Finding angles in a parallelogram without trigonometry

Solution 1:

Let me rephrase your question first: Can the angle $x$ in the diagram be expressed in terms of angles $a$ and $b$ using only addition, subtraction, multiplication, division, exponentiation, $\pi$, and auxiliary rational numbers, and no trig or inverse trig functions? (For example, is $x$ an expression like $(a+2b)^{3/2}$?)

Here is strong evidence that the answer is no. If $a=\frac{\pi}{2}$ and $b=\frac{\pi}{3}$ (the two "simplest" angles to play with) then allowing ourselves access to trigonometry, we can show that $$x=2\arctan\left(\sqrt{13}-2\sqrt{3}\right)=\arctan\left(\frac{\sqrt{3}}{6}\right)$$

So you would have to believe that this expression is equal to a combination of $\frac{\pi}{2}$ and $\frac{\pi}{3}$ using only addition, subtraction, multiplication, division, exponentiation, $\pi$, and auxiliary rational numbers. I highly doubt this. (The transcendence of $\pi$ and $\arctan$ might be used to even prove that it is not possible - but that's just my conjecture.)

Solution 2:

The example by alex.jordan does finish the matter, and similar ones may be constructed. We have an angle $$ \theta = \arctan \left( \frac{1}{\sqrt{12}} \right) $$ and we wish to know whether $ x = \frac{\theta}{\pi} $ is the root of an equation with rational coefficients.

Well, $$ e^{i \theta} = \sqrt{\frac{12}{13}} + i \sqrt{\frac{1}{13}} $$ Next, $\cos 2 \theta = 2 \cos^2 \theta - 1 = \frac{11}{13}.$ So, by Corollary 3.12 on page 41 of NIVEN we know that $2 \theta$ is not a rational multiple of $\pi.$ So, neither is $\theta,$ and $$ x = \frac{\theta}{\pi} $$ is irrational.

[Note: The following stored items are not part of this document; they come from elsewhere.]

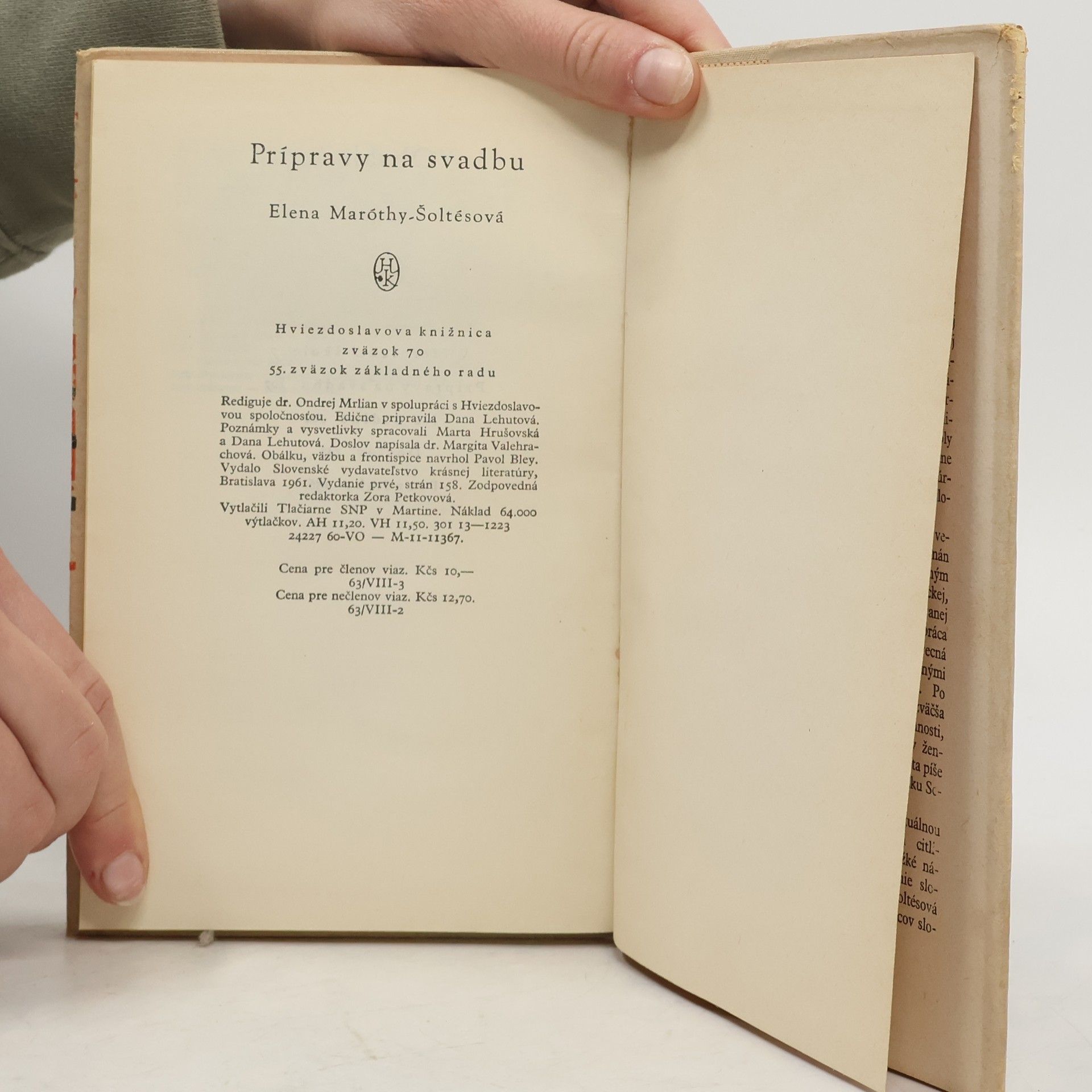 Nevydávaj sa ty, dievča, ešte, / Lepšie je dievčatku než neveste, / Dievčatko si chodí po slobode, / Ako tá rybička v bystrej vode. Klasika zo Zlatého fondu SME. Digitalizovaná podoba publikace: Elena Maróthy-Šoltésová. Prípravy na svadbu. Slovenské vydavateľstvo krásnej literatúry. Bratislava 1961. 158 s. Zora Petkovová, zodpovedná redaktorka. Dr. Ondrej Mrlian rediguje. Dana Lehutová edične pripravila. Marta Hrušovská spracovala poznámky a vysvetlivky.
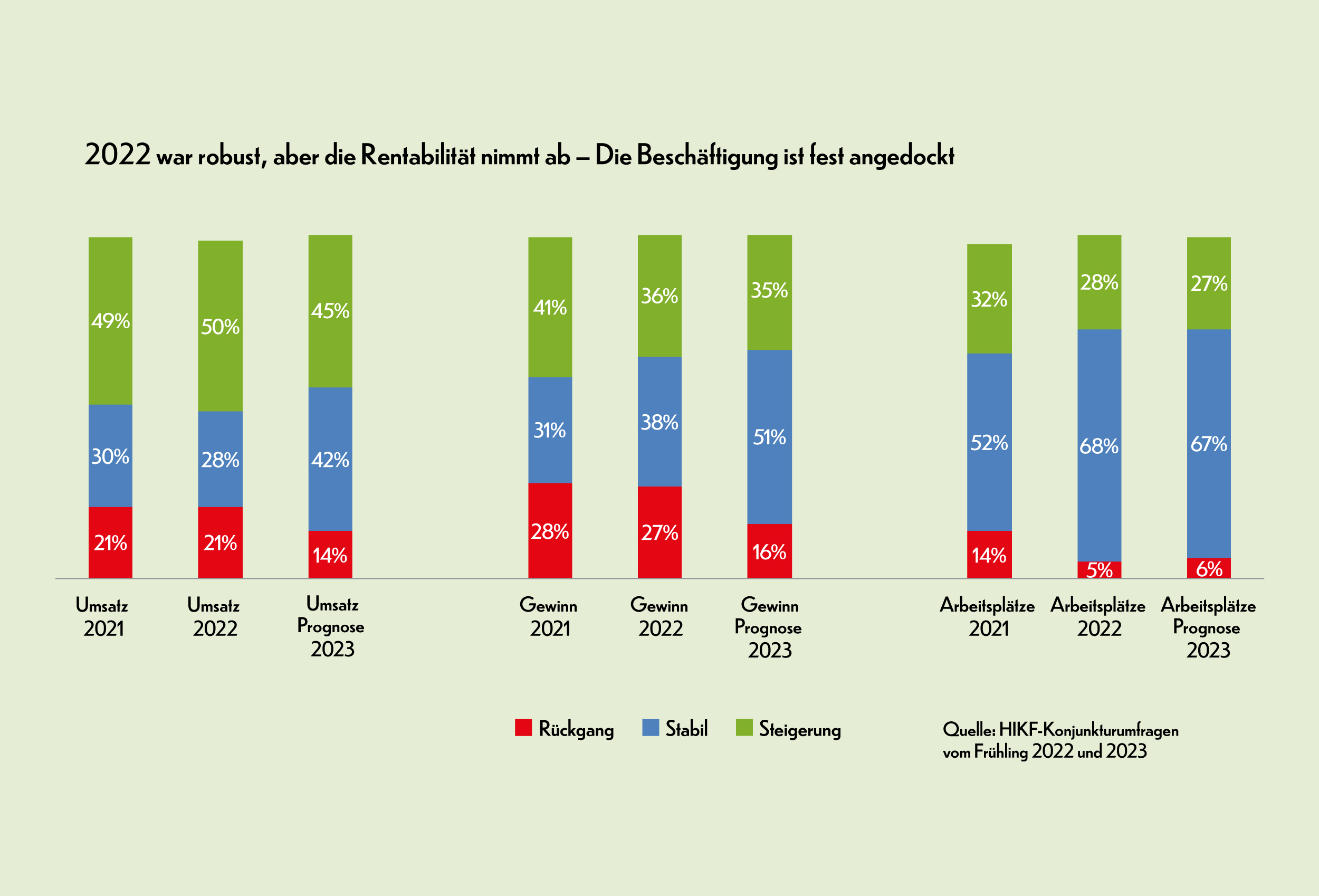 Entgegen den Erwartungen, die auf eine verstärkte Verlangsamung im Verlauf des Jahres 2023 setzten, verlief das erste Quartal auf einer weiterhin soliden Basis. Die Unternehmen erwarteten zu diesem Zeitpunkt entweder ein stabiles (45% der HIKF-Mitgliedsunternehmen) oder ein weiter ansteigendes (38%) Geschäftsjahr. Die Verlangsamung – in Sachen Auftragsvolumen – wird somit für das zweite Semester erwartet und dürfte in bestimmten Branchen markanter ausfallen, insbesondere im Detailhandel. Trotz dieses unsicheren Umfelds zeigt die Beschäftigung weiter stark nach oben: Der Anteil von Unternehmen, die den Personalbestand erhöhen wollen (26%), ist deutlich höher als jener von Unternehmen, die sich gezwungen sehen, Personal abzubauen (6%).
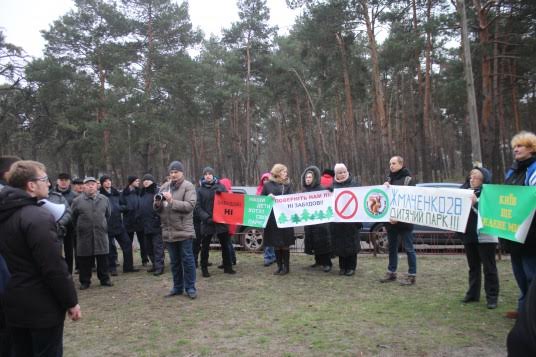 У Києві 20 грудня місцеві мешканці перекрили проїжджу частину, протестуючи проти забудови парку по вул.Генерала Жмаченка, 28.
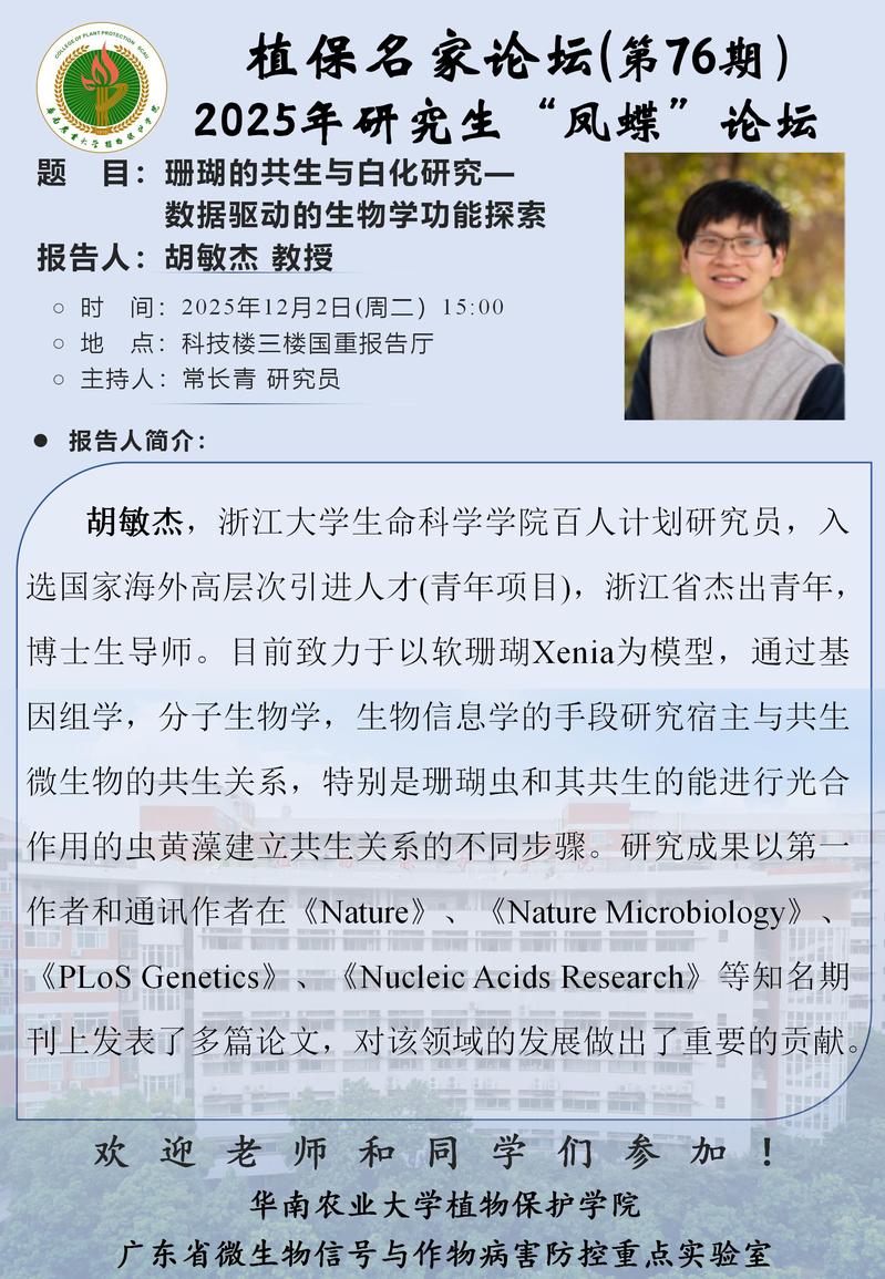 地址:广州市天河区五山路483号华南农业大学植物保护学院大楼
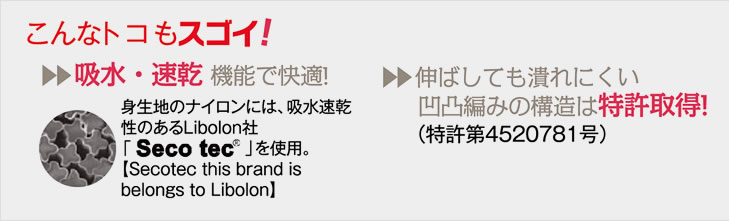 | 六角形凹凸編みが、吸いつくようにたるんだお肉をキャッチし、もみほぐしマッサージ。動くたびにつまむような感覚で刺激しながら引き締め、気になるたるみをシェイプ。 | |
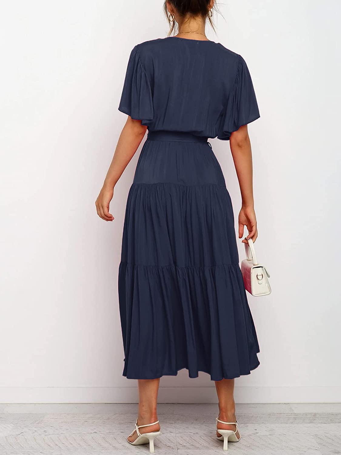 Women's Maxi Dress Summer Short Sleeve Chiffon Dresses Casual V Neck Tie Waist Formal Dress
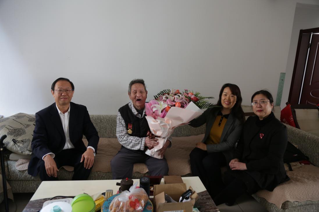 在舉國紀念中國人民志愿軍抗美援朝出國作戰(zhàn)70周年之際,10月23日,地礦集團物化探總隊公司總經(jīng)理郭文波、黨委書記李玉珍一行,代表公司看望慰問了退休老職工——抗美援朝老戰(zhàn)士李國賓,為老人送去鮮花和慰問金,并為他佩戴“中國人民志愿軍抗美援朝出國作戰(zhàn)70周年”紀念章。
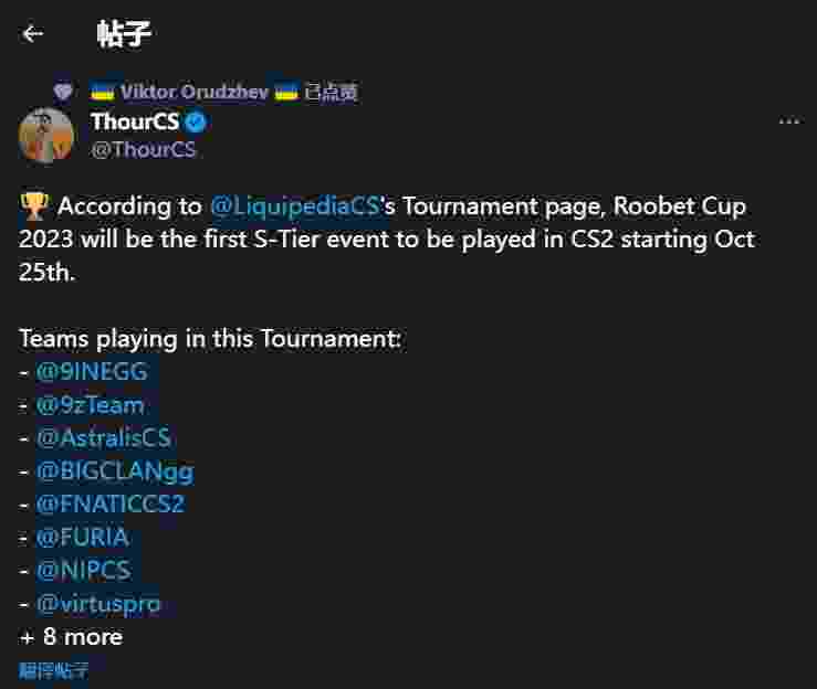 根据液体百科页面显示的赛事规划表,RB Cup(袋鼠杯)将是首场CS2 S级赛事。该赛事的时间为10月25-11月2日,比赛共16支参赛队伍,奖池25万美元。
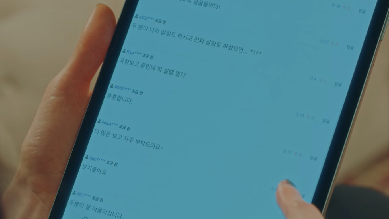 이종인의 경호 단계가 오른 것을 보고 이곤이 무단외출 한 것을 알게 된 구서령과 김비서. 구서령은 온 국민에게 이곤의 여자는 자신이라고 알게 하는 중인데 어디에 다른 여자가 있을까 걱정이 된다. 댓글 사진은 승마장에서 이곤과 구서령이 함께 한 사진 밑에 달린 것이다.
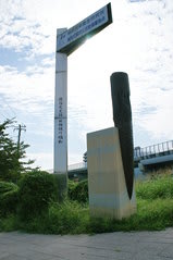 逆光で見えにくいですが、昔の相模川(馬入川)の橋の脚をモニュメントにした記念碑です。
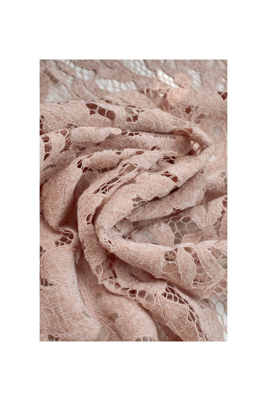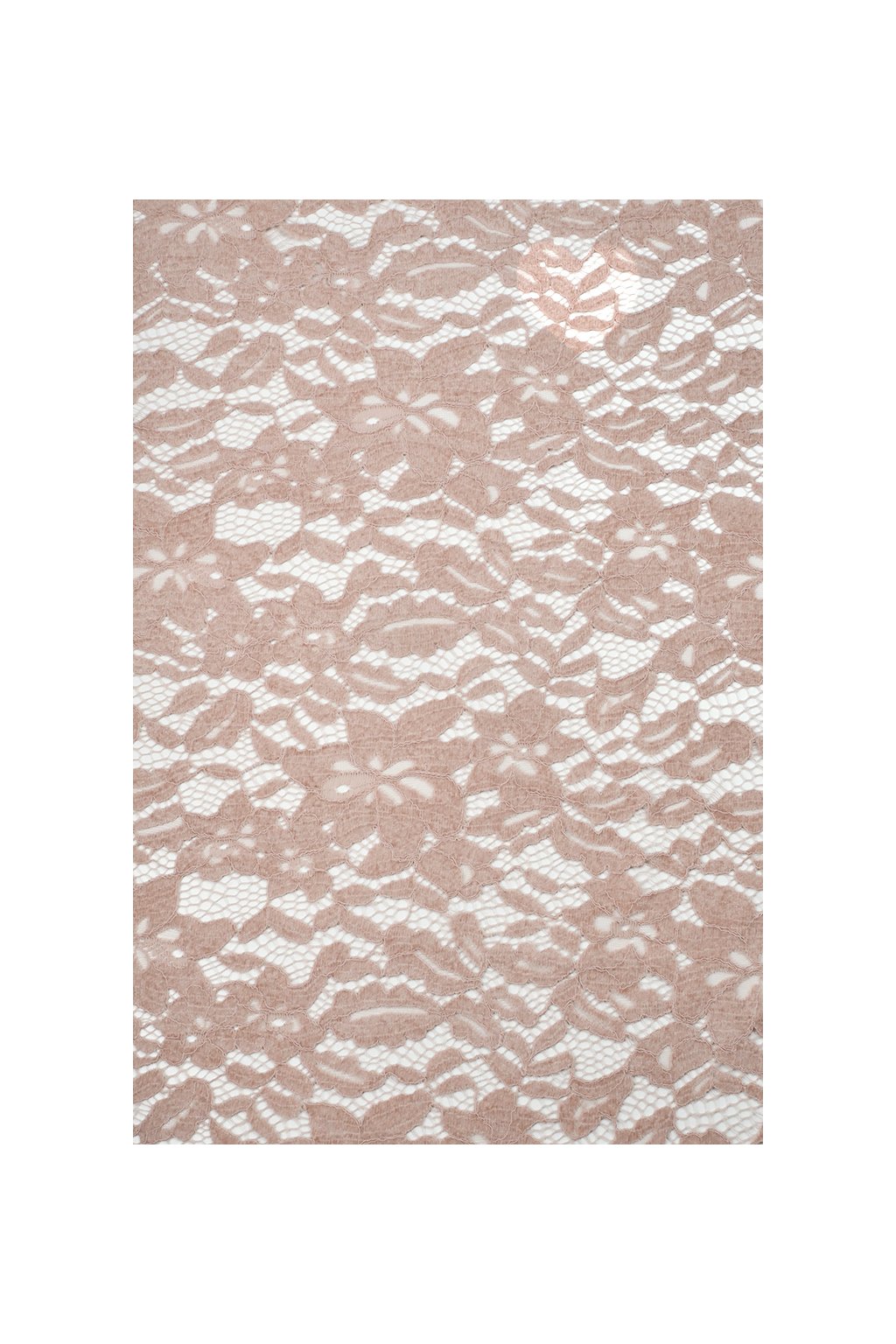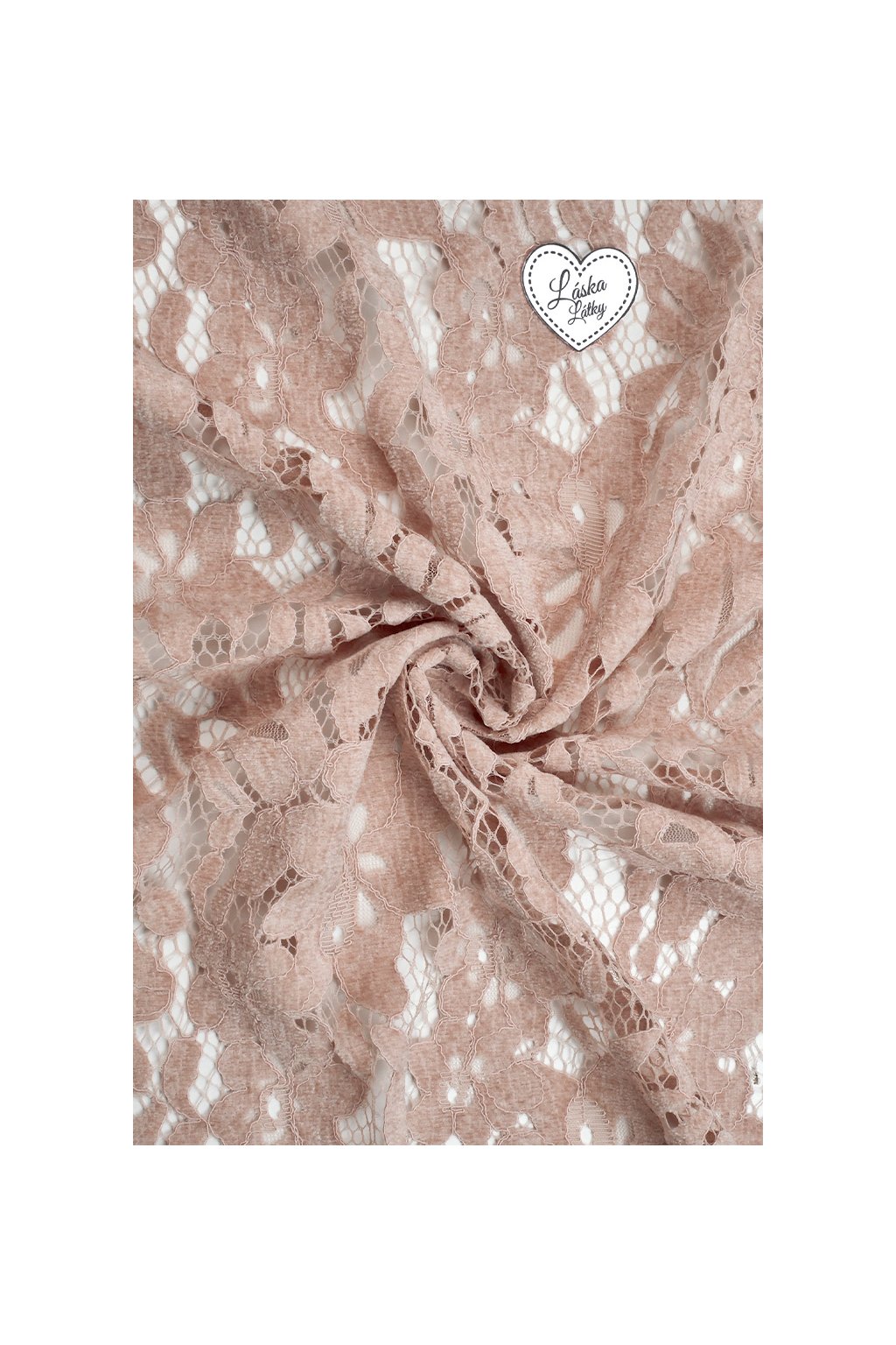 Elegantní pružná krajková látka v něžném pudrově tělového odstínu s jemným vzorem.
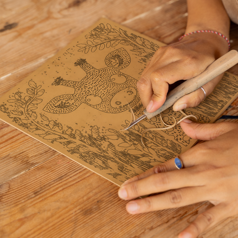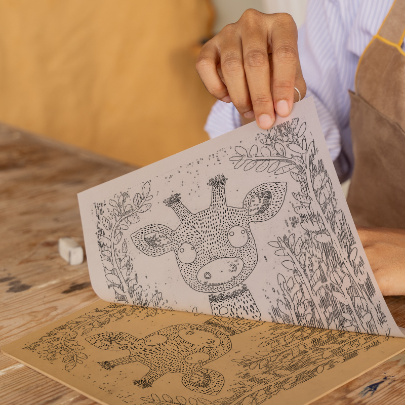 Cute Giraffe Calf Linoprint-Style Art (623-1)
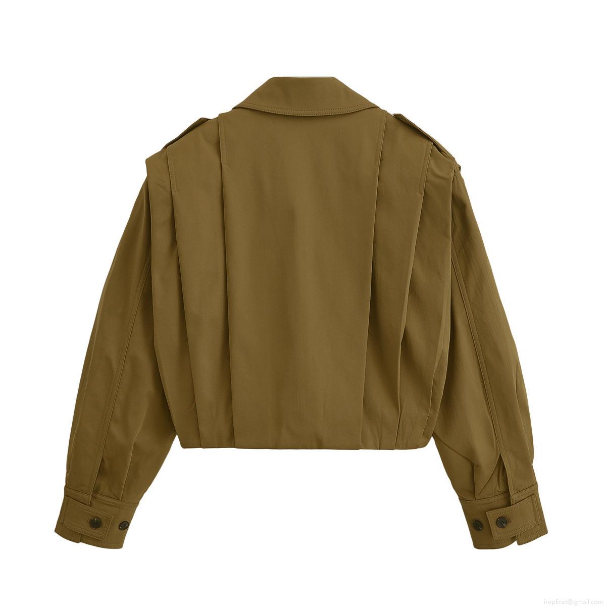 • Women's Casual Short Jacket 100% Polyester Windbreaker Outerwear Lapel Single Breasted Long Sleeve Coat With Pleated Back Design And Pockets Loose Fit Fashion Outerwear For Ladies
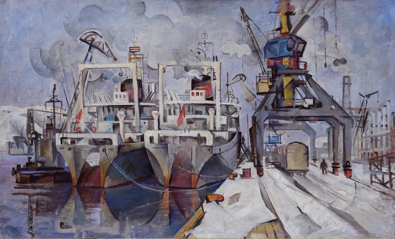Мурманский областной художественный музей представляет вторую выставку из цикла «Музейные истории», на которой будет представлено живописное произведение Германа Андреевича Шемякина «Новый порт» (1970).
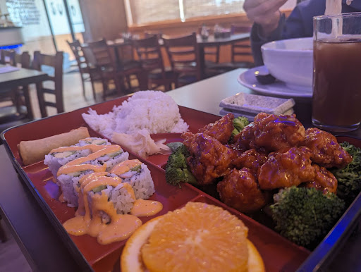Elaine I believe her name was, was lovely! She was super kind, smiling, and took our order with so much politeness. As we told her what we wanted, we asked for her recommendation with the hibachi meals. We got steak and seafood combo with the noodles (her rec between rice and noodles). She was on the nail with the noodles , it was delicious. We also order sashimi dinner, dancing angel roll and fireball roll I believe. All was very satisfying.

Now, the logarithm is multivalued in the complex plane. We may choose $$ \log(-1) = \pi i. $$ With real $x,$ we have chosen $$ (-1)^x = \exp(x \log(-1)) = \exp(x\pi i) = \cos \pi x + i \sin \pi x. $$ With our $ x = \frac{\theta}{\pi}, $ we have $$ (-1)^x = e^{i \pi x} = e^{i \theta} = \sqrt{\frac{12}{13}} + i \sqrt{\frac{1}{13}} $$ The right hand side is algebraic.

The Gelfond-Schneider Theorem, Niven page 134, says that if $\alpha,\beta$ are nonzero algebraic numbers, with $\alpha \neq 1$ and $\beta$ not a real rational number, then any value of $\alpha^\beta$ is transcendental.

Taking $\alpha = -1$ and $\beta = x,$ which is real but irrational. We are ASSUMING that $x$ is algebraic over $\mathbb Q.$ The assumption, together with Gelfond-Schneider, says that $ (-1)^x$ is transcendental. However, we already know that $ (-1)^x = \sqrt{\frac{12}{13}} + i \sqrt{\frac{1}{13}} $ is algebraic. This contradicts the assumption. So $x = \theta / \pi$ is transcendental, with $ \theta = \arctan \left( \frac{1}{\sqrt{12}} \right) $

Solution 3:

In the case $a = \pi/2$, $x = \arccos \left( 2\,{\frac {\sin \left( b \right) }{\sqrt {4-3\, \cos^2 \left( b \right) }}} \right)$. This is not an algebraic function of $b$, because its derivative is $\frac{dx}{db} = \frac{2}{3 \cos^2 b - 4}$ for $-\pi/2 < b < \pi/2$, and $\cos(b)$ is not an algebraic function.